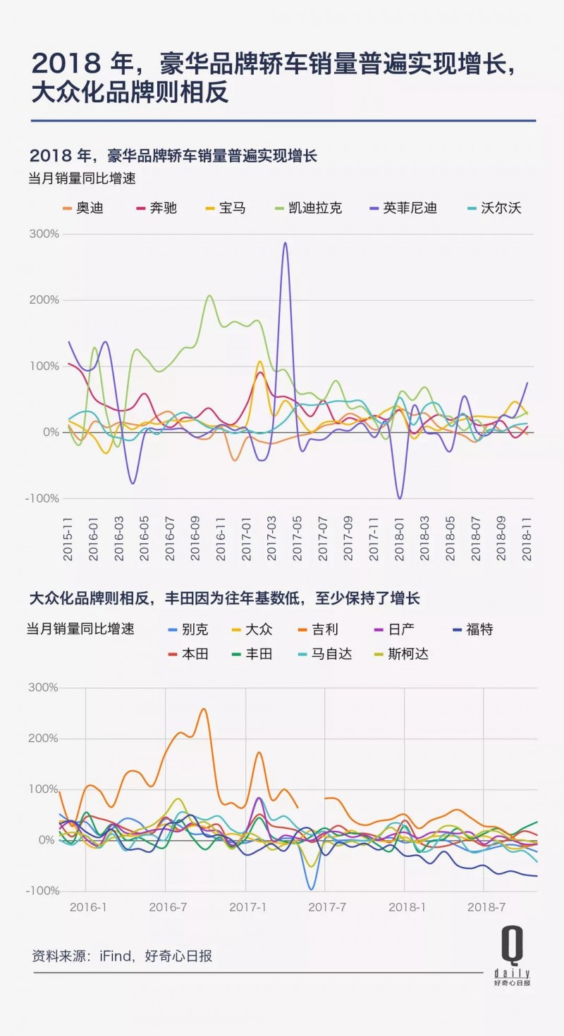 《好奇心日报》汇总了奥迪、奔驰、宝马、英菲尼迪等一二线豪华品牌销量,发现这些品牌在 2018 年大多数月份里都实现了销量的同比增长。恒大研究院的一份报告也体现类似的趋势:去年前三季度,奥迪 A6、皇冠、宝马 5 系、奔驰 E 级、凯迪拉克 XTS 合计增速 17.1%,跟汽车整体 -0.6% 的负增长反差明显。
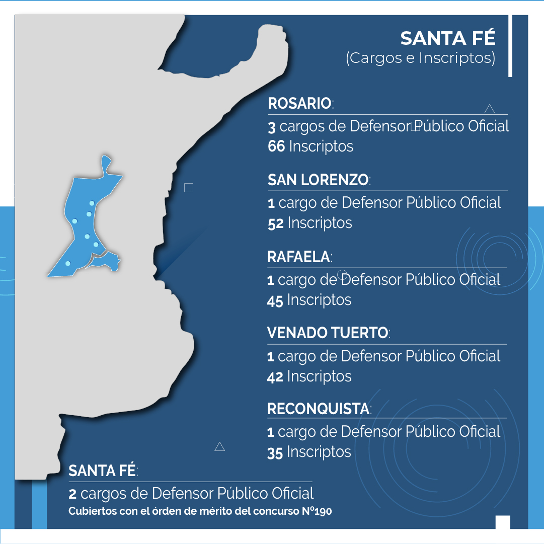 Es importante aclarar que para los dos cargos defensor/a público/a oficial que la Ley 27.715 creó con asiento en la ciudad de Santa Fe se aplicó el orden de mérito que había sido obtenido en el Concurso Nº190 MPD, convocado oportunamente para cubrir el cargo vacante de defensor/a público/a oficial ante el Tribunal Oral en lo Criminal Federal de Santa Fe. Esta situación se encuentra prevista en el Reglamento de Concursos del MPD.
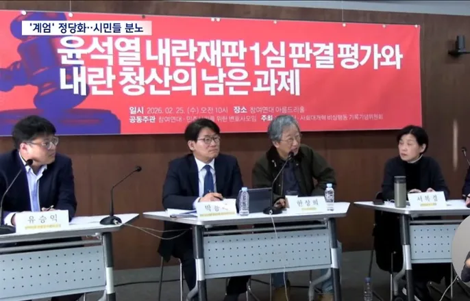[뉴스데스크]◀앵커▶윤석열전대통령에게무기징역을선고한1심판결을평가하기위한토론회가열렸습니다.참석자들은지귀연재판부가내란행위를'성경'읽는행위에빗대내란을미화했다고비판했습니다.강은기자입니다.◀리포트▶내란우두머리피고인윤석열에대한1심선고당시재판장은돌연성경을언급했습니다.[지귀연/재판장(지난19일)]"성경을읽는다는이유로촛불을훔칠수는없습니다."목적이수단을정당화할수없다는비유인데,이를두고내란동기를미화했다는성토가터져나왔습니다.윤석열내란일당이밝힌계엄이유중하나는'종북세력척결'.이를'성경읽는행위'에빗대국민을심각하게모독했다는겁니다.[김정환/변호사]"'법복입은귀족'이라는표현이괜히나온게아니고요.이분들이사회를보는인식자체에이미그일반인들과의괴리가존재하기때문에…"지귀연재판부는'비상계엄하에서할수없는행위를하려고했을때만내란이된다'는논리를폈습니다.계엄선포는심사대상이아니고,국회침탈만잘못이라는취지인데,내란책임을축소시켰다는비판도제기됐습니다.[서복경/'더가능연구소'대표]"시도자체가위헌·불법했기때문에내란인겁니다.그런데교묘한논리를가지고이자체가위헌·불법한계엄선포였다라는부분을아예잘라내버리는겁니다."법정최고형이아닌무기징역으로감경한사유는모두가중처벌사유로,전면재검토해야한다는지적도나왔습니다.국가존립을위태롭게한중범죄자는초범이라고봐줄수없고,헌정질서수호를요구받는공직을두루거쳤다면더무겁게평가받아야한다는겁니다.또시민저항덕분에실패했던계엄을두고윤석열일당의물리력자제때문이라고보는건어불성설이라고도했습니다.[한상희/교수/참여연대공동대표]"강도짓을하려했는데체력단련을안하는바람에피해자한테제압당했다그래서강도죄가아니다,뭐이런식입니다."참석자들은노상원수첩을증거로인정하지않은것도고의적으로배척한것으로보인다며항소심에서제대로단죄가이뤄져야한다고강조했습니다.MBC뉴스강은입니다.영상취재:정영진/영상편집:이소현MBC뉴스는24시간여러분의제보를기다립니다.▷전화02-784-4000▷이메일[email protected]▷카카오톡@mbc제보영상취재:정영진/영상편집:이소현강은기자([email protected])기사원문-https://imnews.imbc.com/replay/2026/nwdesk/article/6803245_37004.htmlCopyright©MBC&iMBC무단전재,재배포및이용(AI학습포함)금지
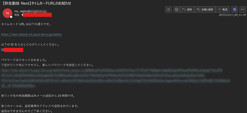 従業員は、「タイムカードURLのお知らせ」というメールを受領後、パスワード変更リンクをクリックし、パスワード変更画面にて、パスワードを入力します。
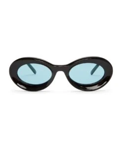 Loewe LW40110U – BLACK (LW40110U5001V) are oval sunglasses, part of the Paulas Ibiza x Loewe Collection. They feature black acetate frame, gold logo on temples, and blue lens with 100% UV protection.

________________________

Would you mind returning each entry above word for word, skipping the images?

 《好奇心日报》汇总了奥迪、奔驰、宝马、英菲尼迪等一二线豪华品牌销量,发现这些品牌在 2018 年大多数月份里都实现了销量的同比增长。恒大研究院的一份报告也体现类似的趋势:去年前三季度,奥迪 A6、皇冠、宝马 5 系、奔驰 E 级、凯迪拉克 XTS 合计增速 17.1%,跟汽车整体 -0.6% 的负增长反差明显。
 Es importante aclarar que para los dos cargos defensor/a público/a oficial que la Ley 27.715 creó con asiento en la ciudad de Santa Fe se aplicó el orden de mérito que había sido obtenido en el Concurso Nº190 MPD, convocado oportunamente para cubrir el cargo vacante de defensor/a público/a oficial ante el Tribunal Oral en lo Criminal Federal de Santa Fe. Esta situación se encuentra prevista en el Reglamento de Concursos del MPD.
[뉴스데스크]◀앵커▶윤석열전대통령에게무기징역을선고한1심판결을평가하기위한토론회가열렸습니다.참석자들은지귀연재판부가내란행위를'성경'읽는행위에빗대내란을미화했다고비판했습니다.강은기자입니다.◀리포트▶내란우두머리피고인윤석열에대한1심선고당시재판장은돌연성경을언급했습니다.[지귀연/재판장(지난19일)]"성경을읽는다는이유로촛불을훔칠수는없습니다."목적이수단을정당화할수없다는비유인데,이를두고내란동기를미화했다는성토가터져나왔습니다.윤석열내란일당이밝힌계엄이유중하나는'종북세력척결'.이를'성경읽는행위'에빗대국민을심각하게모독했다는겁니다.[김정환/변호사]"'법복입은귀족'이라는표현이괜히나온게아니고요.이분들이사회를보는인식자체에이미그일반인들과의괴리가존재하기때문에…"지귀연재판부는'비상계엄하에서할수없는행위를하려고했을때만내란이된다'는논리를폈습니다.계엄선포는심사대상이아니고,국회침탈만잘못이라는취지인데,내란책임을축소시켰다는비판도제기됐습니다.[서복경/'더가능연구소'대표]"시도자체가위헌·불법했기때문에내란인겁니다.그런데교묘한논리를가지고이자체가위헌·불법한계엄선포였다라는부분을아예잘라내버리는겁니다."법정최고형이아닌무기징역으로감경한사유는모두가중처벌사유로,전면재검토해야한다는지적도나왔습니다.국가존립을위태롭게한중범죄자는초범이라고봐줄수없고,헌정질서수호를요구받는공직을두루거쳤다면더무겁게평가받아야한다는겁니다.또시민저항덕분에실패했던계엄을두고윤석열일당의물리력자제때문이라고보는건어불성설이라고도했습니다.[한상희/교수/참여연대공동대표]"강도짓을하려했는데체력단련을안하는바람에피해자한테제압당했다그래서강도죄가아니다,뭐이런식입니다."참석자들은노상원수첩을증거로인정하지않은것도고의적으로배척한것으로보인다며항소심에서제대로단죄가이뤄져야한다고강조했습니다.MBC뉴스강은입니다.영상취재:정영진/영상편집:이소현MBC뉴스는24시간여러분의제보를기다립니다.▷전화02-784-4000▷이메일[email protected]▷카카오톡@mbc제보영상취재:정영진/영상편집:이소현강은기자([email protected])기사원문-https://imnews.imbc.com/replay/2026/nwdesk/article/6803245_37004.htmlCopyright©MBC&iMBC무단전재,재배포및이용(AI학습포함)금지
 従業員は、「タイムカードURLのお知らせ」というメールを受領後、パスワード変更リンクをクリックし、パスワード変更画面にて、パスワードを入力します。
 Loewe LW40110U – BLACK (LW40110U5001V) are oval sunglasses, part of the Paulas Ibiza x Loewe Collection. They feature black acetate frame, gold logo on temples, and blue lens with 100% UV protection.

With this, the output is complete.